▶ [WHAT YOU HAVE TO DO] Only the lines below from the one that contains "Die nötigen Vorbereitungen" through the one that contains "31 लाख मीट्रिक" should appear in your answer, exact and without pictures.

▶ [DATA SHOWN]
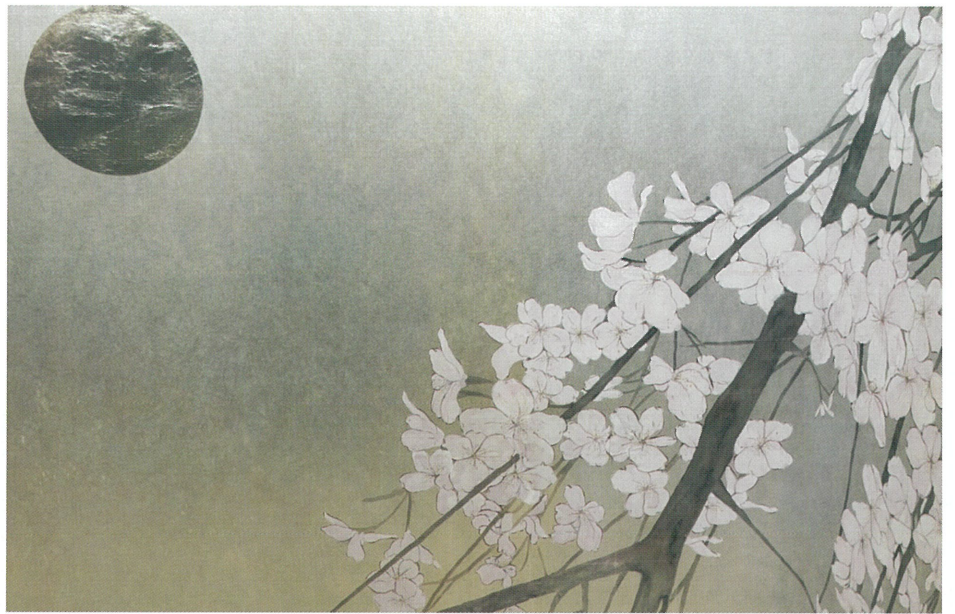
「枝垂桜」2026年 銀屏風 アクリル
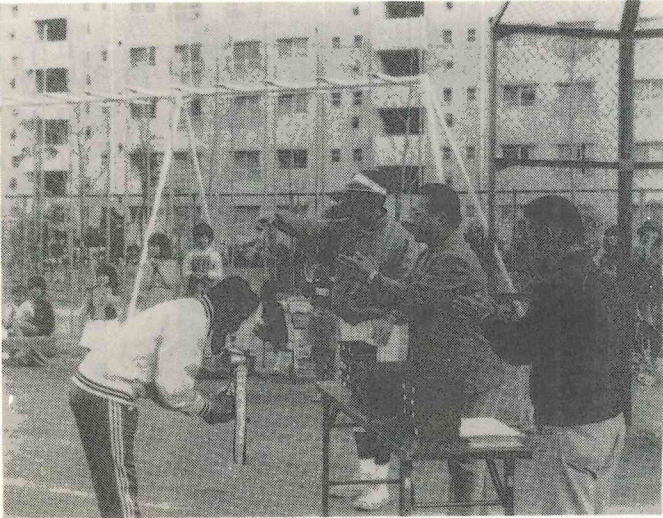
優勝チーム「16棟」表彰式

本大会に際しましては、一部雨にふられ、グラウンドの整備その他大会の運営につきまして、粟生第二住宅自治会、豊川北PTAソフトボールチーム、自治会ソフトボールチームエコーズの方々、その他関係の方々には、色々御苦労をいただき誠にありがとうございました。本紙面を借りましてお礼申し上げます。又、間谷区長、阪急間谷住宅自治会、東山住宅自治会、山ノ口自治会、
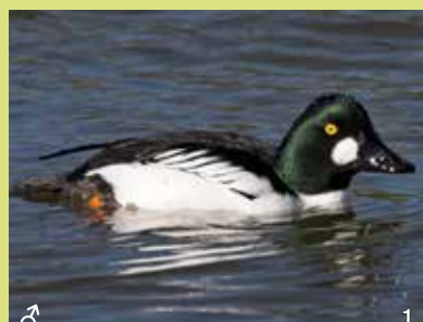
Schellente ( Bucephala clangula )
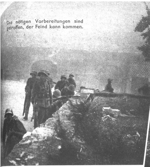
Die nötigen Vorbereitungen sind getroffen, der Feind kann kommen.
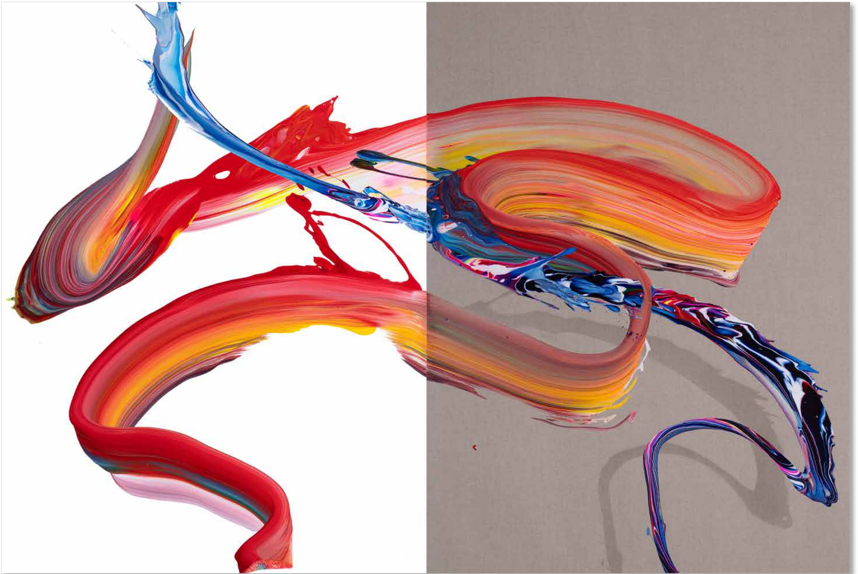
2022 • av_838.1 & 2 (diptich) • 130 x 194 cm • Acrylic on canvas
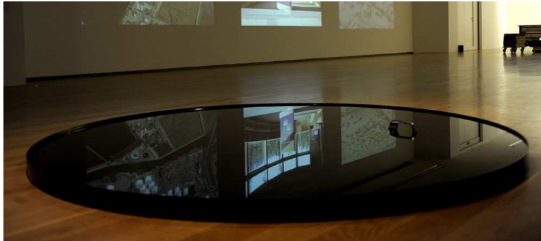
Marcela Armas. Estanque , 2006

Nesta peza de Marcela Armas, o que ten a aparencia dun espello ou superficie pulida é en realidade un 'estanque' de aceite de motor usado no que flota unha agarradoira dunha porta de automóbil.
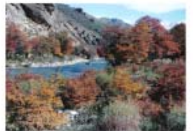
Río Ñinhuau. Bosque de Transición.
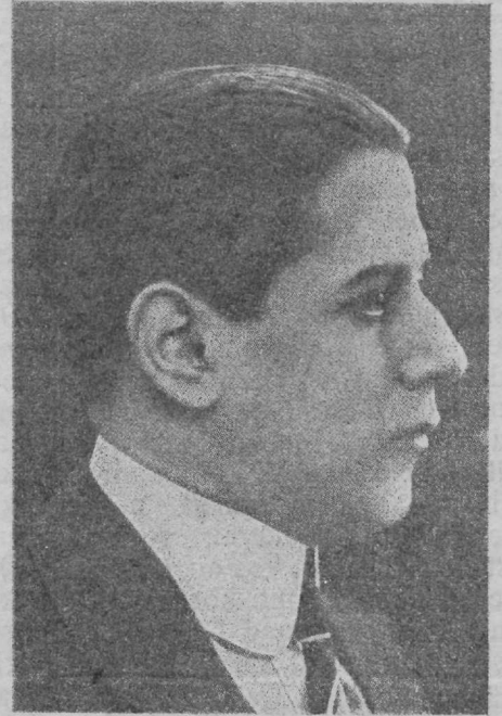
Jose Raoul Capablanca, ilmameister males.

Palju poliitilisi, rahalisi ja teistsuguseid ras-
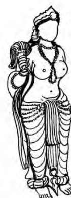
(تصویر ۱- 1 Biswas, 2017)
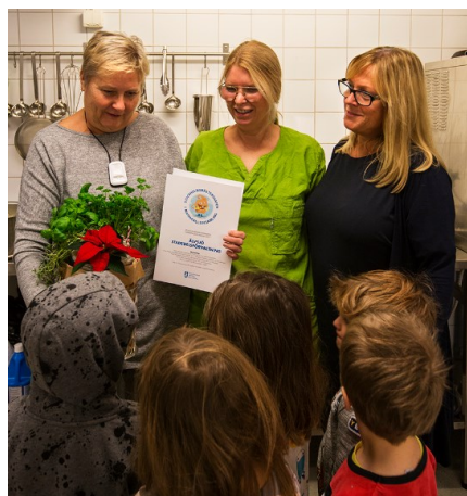
Förskolan Rödkulla, Älvsjö sdf. Vinnare2017

Tävlingen startades i syfte att uppmuntra och sporra stadens egna verksamheter och fastighetsbolag att börja matavfallssortera. Den går ut på att ha störst andel sophämtningsställen med matavfall. Tävlingsdeltagarna är indelade i två kategorier; stadsdelsförvaltningar och förvaltningar med minst 20 hämtställen och kommunala fastighetsbolag.
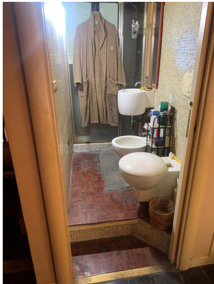
10. Bagno nel soppalco
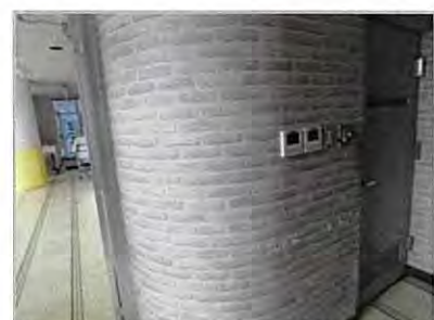
研修室の奥にある電源スイッチを使いやすく

現在、空調と照明のスイッチは、研修室の奥にあり、ご利用されるお客様に不便さを感じさせています。また、保土ヶ谷区体育協会の事務所が隣接しており、保土ヶ谷区体育協会の空調、照明のスイッチも同箇所にあるため、事務作業を行う際には、研修室をお客様が利用している中を通らなければいけません。
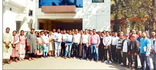
कलेक्टर के बाहर खड़े ग्रामीण कृषि विस्तार अधिकारी।

31 लाख मीट्रिक टन धान खरीदी का लक्ष्य लेकर शनिवार से सभी उपार्जन केंद्रों में धान खरीदी के लिए प्रशासन ने पूरी तैयारी करते हुए सभी केंद्रों में प्रभारी अधिकारियों की नियुक्ति कर दी है इसके तहत सभी 65 उपार्जन केंद्रों में सहकारिता निरीक्षक से लेकर सहायक कृषि विस्तार अधिकारी, ग्रामीण कृषि विस्तार अधिकारी, खाद
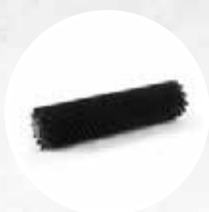
CEPILLO CILÍNDRICO TYNEX GRIT 360 cod. 40.5000.03
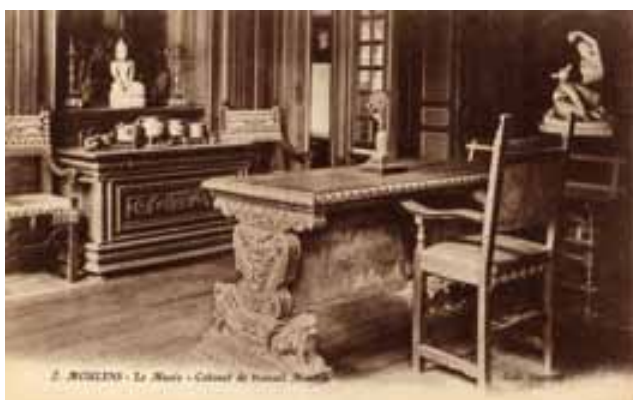
Le bureau dans les années 1920, carte postale
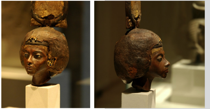
Koningin Teyje Amarna Egypte 1350 voor Christus.

Is een cursus die start bij de oudste vormen van verbeelden. U krijgt een introductie in de vroege constructieprincipes van de architectuur. We bekijken de piramides en de fascinerende beelden uit Egyptisch Amarna. Naast het oude Egypte bespreken we de bijzondere verbeeldingen uit het vroege Mesopotamië. Daarnaast is er aandacht voor de (pre)Griekse beschavingen op Kreta (Minoïsch), Cycladen (Cycladisch) en de Helleense beschavingen. (O.a. Mycene). Het zwaartepunt van deze cursus is echter weggelegd voor de Klassieke Oudheid. We volgen de ontwikkeling in de Griekse beeldhouwkunst, bespreken uitgebreid de architectuur van de tempel en bekijken de schilderkunst op vazen.
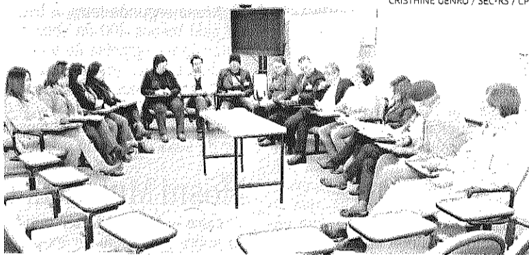
Dirigentes da SEC receberam a direção do Cpers ontem, na Capital

Por sua vez, o governo alega que propôs constituir uma mesa de negociações para discutir a pauta, ponto por ponto, e as expectativas do sindicato.
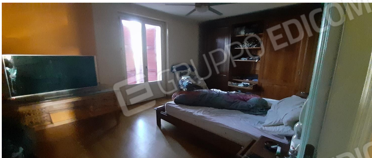
Camera da letto - P1 regolarmente accatastata
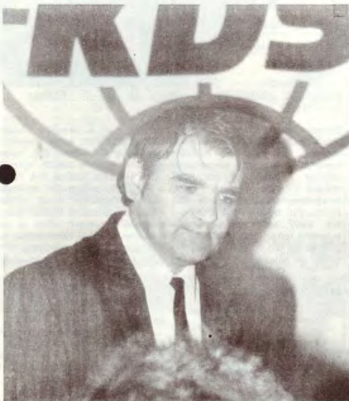
Zasedání politické rady KDS se zúčastnil ministr životního prostředí České republiky Ivan Dejmek (bližší na 2. straně)
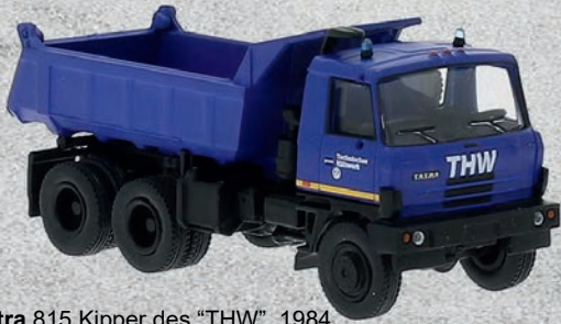
Tatra 815 Kipper des "THW", 1984 Nr. v 71906 27.95 € ▲
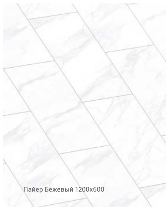
Пайер Бежевый 1200x600
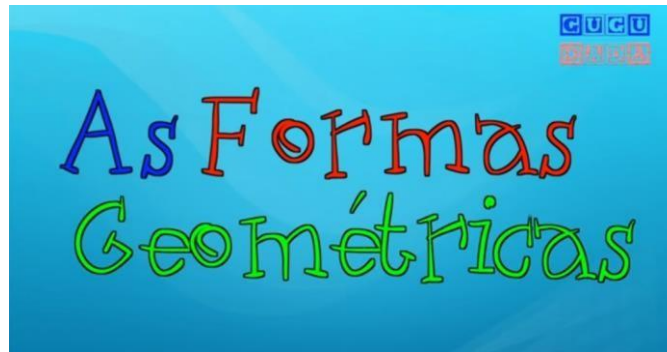
IMAGEM: https://www.youtube.com/watch?v=0kijR9Q2rwE – ACESSO EM: 3 MAI. 2021

DISPONÍVEL EM: https://www.youtube.com/watch?v=0kijR9Q2rwE ACESSO EM: 3 MAI. 2021
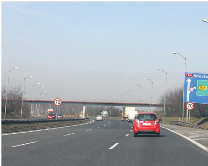
Na 327 km autostrady regularnie pojawia się uskok.

– Przyczyna powstawania tego wypiętrzenia jest złożona. Wpływ na taki stan rzeczy ma prowadzona w latach ubiegłych eksploatacja górnicza oraz złożony skład geologiczny jaki występuje w tym
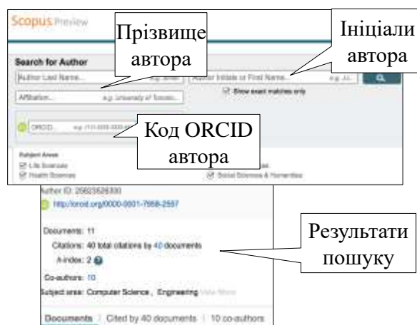
Рис. 1. Наукометричні параметри в Scopus

чення свого індексу Хірша та кількість проіндексованих публікацій (рис. 1).
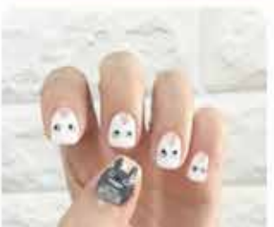
TECHNIK USŁUG KOSMETYCZNYCH
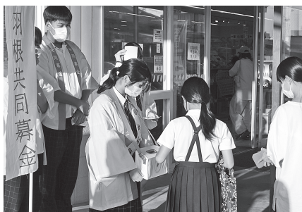
■ ゆめマート安芸津店 豊田高校の学生さんと一緒に募金活動をしました！

▶ [YOUR SOLUTION]
Die nötigen Vorbereitungen sind getroffen, der Feind kann kommen.
2022 • av_838.1 & 2 (diptich) • 130 x 194 cm • Acrylic on canvas
Marcela Armas. Estanque , 2006

Nesta peza de Marcela Armas, o que ten a aparencia dun espello ou superficie pulida é en realidade un 'estanque' de aceite de motor usado no que flota unha agarradoira dunha porta de automóbil.
Río Ñinhuau. Bosque de Transición.
Jose Raoul Capablanca, ilmameister males.

Palju poliitilisi, rahalisi ja teistsuguseid ras-
(تصویر ۱- 1 Biswas, 2017)
Förskolan Rödkulla, Älvsjö sdf. Vinnare2017

Tävlingen startades i syfte att uppmuntra och sporra stadens egna verksamheter och fastighetsbolag att börja matavfallssortera. Den går ut på att ha störst andel sophämtningsställen med matavfall. Tävlingsdeltagarna är indelade i två kategorier; stadsdelsförvaltningar och förvaltningar med minst 20 hämtställen och kommunala fastighetsbolag.
10. Bagno nel soppalco
研修室の奥にある電源スイッチを使いやすく

現在、空調と照明のスイッチは、研修室の奥にあり、ご利用されるお客様に不便さを感じさせています。また、保土ヶ谷区体育協会の事務所が隣接しており、保土ヶ谷区体育協会の空調、照明のスイッチも同箇所にあるため、事務作業を行う際には、研修室をお客様が利用している中を通らなければいけません。
कलेक्टर के बाहर खड़े ग्रामीण कृषि विस्तार अधिकारी।

31 लाख मीट्रिक टन धान खरीदी का लक्ष्य लेकर शनिवार से सभी उपार्जन केंद्रों में धान खरीदी के लिए प्रशासन ने पूरी तैयारी करते हुए सभी केंद्रों में प्रभारी अधिकारियों की नियुक्ति कर दी है इसके तहत सभी 65 उपार्जन केंद्रों में सहकारिता निरीक्षक से लेकर सहायक कृषि विस्तार अधिकारी, ग्रामीण कृषि विस्तार अधिकारी, खाद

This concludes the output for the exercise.